Весь следующий день я только и делал, что составлял и вновь отвергал разные планы. Я чувствовал свою бедность! Я был всего-навсего бедный сирота, взятый из Кампаньи богатыми благодетелями, и самые дарования мои только ещё способствовали увеличению моей зависимости. Впрочем, теперь талант мой, кажется, готов был вывести меня на блестящий путь. Но может ли он быть блестящее пути Аннунциаты, а даже этот как кончился? Мощный поток, переливавший всеми цветами радуги, впал в конце концов в Понтийские болота бедствий!

Я непременно хотел ещё раз увидеть Аннунциату, и через день вновь поднимался к ней по узкой тёмной лестнице. Дверь была заперта. Я постучался. Из боковой двери выглянула какая-то старуха и спросила: — Вы верно пришли посмотреть комнату?
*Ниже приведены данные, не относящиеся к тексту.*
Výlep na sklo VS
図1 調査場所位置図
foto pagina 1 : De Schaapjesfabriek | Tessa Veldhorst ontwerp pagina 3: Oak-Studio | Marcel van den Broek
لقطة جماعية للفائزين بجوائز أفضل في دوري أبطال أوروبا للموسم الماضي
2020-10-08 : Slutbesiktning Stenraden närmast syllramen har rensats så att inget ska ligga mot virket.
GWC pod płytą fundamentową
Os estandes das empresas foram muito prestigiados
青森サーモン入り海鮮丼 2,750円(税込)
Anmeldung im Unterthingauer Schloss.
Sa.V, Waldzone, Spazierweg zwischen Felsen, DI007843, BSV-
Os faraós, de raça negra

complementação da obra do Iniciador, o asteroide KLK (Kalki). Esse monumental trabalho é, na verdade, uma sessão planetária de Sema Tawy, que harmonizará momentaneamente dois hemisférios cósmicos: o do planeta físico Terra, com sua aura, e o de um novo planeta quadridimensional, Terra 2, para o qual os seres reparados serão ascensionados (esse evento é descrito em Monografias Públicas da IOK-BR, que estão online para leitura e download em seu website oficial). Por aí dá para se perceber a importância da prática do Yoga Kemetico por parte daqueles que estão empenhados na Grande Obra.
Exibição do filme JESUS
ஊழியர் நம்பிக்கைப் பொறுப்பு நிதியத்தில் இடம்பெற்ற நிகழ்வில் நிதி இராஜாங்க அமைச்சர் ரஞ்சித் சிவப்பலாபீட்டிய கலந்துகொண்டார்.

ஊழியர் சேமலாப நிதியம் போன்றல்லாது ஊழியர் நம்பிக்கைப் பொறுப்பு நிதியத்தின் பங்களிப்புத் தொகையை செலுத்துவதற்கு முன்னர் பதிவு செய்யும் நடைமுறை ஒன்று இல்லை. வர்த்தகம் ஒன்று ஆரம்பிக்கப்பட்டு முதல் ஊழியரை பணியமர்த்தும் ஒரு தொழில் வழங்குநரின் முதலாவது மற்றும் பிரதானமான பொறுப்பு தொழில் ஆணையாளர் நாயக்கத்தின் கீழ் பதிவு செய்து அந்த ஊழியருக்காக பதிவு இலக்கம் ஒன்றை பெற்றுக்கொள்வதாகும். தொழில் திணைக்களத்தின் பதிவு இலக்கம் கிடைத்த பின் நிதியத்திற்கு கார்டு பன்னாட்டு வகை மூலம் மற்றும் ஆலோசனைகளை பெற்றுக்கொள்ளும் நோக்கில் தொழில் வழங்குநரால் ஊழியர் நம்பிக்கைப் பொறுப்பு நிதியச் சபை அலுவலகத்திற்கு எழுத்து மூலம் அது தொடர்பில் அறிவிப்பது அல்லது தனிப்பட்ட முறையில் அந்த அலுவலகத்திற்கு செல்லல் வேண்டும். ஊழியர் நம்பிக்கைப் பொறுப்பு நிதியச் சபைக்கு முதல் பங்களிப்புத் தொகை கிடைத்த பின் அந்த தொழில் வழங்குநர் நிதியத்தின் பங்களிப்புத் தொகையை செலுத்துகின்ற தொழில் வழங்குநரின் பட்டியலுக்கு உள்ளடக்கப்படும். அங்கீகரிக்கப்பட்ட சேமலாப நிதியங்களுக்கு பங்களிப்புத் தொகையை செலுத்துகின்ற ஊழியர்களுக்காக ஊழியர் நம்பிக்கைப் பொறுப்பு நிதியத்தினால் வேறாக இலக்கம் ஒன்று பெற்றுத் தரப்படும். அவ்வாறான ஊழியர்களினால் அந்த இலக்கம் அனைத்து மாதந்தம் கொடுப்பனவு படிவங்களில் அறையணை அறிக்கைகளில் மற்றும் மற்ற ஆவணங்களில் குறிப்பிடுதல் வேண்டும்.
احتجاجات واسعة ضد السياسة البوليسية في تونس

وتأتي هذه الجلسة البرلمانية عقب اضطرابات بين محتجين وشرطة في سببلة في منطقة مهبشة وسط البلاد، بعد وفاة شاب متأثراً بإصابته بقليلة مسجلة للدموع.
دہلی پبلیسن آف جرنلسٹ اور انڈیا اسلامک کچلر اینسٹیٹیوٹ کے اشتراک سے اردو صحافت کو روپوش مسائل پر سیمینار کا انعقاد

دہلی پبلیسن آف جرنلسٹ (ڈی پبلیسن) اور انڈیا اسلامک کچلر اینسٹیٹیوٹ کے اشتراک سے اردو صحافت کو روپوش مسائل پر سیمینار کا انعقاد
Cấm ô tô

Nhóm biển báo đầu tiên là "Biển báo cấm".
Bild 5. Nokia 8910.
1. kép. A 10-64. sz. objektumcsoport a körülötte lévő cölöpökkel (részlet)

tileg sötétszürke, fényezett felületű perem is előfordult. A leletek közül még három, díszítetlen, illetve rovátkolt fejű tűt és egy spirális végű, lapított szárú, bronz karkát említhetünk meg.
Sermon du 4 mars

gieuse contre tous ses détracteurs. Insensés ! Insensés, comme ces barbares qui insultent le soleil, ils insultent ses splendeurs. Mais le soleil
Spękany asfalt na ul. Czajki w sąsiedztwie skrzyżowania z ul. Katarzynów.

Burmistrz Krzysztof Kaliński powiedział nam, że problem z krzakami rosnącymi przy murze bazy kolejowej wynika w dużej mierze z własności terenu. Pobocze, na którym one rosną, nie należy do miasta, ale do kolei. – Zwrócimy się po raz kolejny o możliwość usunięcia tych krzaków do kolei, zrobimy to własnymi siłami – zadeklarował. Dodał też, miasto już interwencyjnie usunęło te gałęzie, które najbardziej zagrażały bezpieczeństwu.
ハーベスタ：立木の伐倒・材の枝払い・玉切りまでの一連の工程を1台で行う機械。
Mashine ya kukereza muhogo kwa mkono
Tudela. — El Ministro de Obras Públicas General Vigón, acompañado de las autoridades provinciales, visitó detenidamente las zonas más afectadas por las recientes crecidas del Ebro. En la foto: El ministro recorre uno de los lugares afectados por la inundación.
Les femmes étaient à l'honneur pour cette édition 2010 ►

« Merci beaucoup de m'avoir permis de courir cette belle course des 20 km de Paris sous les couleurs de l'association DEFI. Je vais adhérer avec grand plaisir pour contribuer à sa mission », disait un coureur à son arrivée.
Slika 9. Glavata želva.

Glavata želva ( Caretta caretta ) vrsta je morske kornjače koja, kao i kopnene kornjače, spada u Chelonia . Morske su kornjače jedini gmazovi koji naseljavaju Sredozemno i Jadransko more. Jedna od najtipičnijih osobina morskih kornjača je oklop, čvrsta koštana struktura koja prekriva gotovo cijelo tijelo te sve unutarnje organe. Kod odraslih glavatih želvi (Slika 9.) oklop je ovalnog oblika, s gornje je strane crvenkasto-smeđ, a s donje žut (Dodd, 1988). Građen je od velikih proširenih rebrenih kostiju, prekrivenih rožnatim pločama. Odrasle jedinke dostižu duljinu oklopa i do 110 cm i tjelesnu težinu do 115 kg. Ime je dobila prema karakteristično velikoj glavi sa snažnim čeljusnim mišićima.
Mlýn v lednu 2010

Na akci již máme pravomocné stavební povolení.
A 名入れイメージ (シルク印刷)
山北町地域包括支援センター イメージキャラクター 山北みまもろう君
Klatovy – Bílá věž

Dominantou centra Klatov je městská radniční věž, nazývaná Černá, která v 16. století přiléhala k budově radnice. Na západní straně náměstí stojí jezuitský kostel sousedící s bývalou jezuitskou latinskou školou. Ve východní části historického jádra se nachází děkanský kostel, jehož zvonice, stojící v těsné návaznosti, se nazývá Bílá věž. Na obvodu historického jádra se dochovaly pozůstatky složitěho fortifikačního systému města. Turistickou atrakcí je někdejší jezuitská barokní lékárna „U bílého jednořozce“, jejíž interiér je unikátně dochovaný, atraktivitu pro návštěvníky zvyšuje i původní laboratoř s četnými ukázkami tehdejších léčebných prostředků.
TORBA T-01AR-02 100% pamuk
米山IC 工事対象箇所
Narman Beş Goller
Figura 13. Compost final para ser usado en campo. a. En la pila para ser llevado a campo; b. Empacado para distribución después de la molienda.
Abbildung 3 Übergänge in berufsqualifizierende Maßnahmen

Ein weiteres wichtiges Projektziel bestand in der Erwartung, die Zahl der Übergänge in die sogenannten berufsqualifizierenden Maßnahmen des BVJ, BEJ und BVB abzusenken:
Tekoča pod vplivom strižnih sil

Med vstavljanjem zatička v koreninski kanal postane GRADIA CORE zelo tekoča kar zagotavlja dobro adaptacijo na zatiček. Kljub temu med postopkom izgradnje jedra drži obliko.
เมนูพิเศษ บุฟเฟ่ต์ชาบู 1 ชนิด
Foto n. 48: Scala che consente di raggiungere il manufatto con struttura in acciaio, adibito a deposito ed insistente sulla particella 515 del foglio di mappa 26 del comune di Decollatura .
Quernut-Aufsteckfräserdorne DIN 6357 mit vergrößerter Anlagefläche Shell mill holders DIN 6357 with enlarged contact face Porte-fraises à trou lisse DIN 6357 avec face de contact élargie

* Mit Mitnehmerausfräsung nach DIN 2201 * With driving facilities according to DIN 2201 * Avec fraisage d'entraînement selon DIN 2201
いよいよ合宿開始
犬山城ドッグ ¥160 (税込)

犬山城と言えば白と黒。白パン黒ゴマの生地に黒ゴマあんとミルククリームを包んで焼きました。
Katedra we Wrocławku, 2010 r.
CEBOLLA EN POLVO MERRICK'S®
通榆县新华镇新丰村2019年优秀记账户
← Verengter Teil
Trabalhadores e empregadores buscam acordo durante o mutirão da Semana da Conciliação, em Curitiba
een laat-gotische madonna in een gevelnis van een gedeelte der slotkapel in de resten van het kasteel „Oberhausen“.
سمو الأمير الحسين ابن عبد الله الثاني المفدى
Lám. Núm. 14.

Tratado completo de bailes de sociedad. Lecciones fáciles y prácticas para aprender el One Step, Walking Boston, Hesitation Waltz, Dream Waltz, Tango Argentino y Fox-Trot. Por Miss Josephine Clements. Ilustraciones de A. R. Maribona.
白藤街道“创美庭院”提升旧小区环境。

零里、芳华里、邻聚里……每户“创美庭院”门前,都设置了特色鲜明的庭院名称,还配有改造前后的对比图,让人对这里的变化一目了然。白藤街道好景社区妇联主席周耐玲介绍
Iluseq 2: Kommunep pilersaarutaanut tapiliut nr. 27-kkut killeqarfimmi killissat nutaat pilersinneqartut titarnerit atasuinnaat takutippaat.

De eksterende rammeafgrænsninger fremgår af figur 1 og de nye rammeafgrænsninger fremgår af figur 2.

Она слишком мала для вас!

— А где же певица? — спросил я. — Переехала вчера вечером; кажется, даже совсем уехала! И так поспешно! — ответила старуха. — [233]Не знаете ли куда? — спросил я. — Нет! Она и не заикнулась об этом. Но вся труппа отправилась в Падую или, кажется, в Триэст, а, может быть, и в Феррару или ещё куда-нибудь! — Она открыла дверь и показала мне опустевшую комнату.

Я направился в театр; труппа действительно дала вчера последнее представление, и теперь театр был закрыт. Так она уехала! Несчастная Аннунциата! И виною всех её несчастий Бернардо! Он же виноват и во всём, что касалось меня! Не будь его, люби Аннунциата меня, талант мой развернулся бы в полном блеске, и вся моя жизнь сложилась бы иначе! Последуй я тогда за нею, избери себе поприще импровизатора, я разделил бы её триумфы, всё было бы иначе, и скорбь не оставила бы на её челе своих глубоких следов!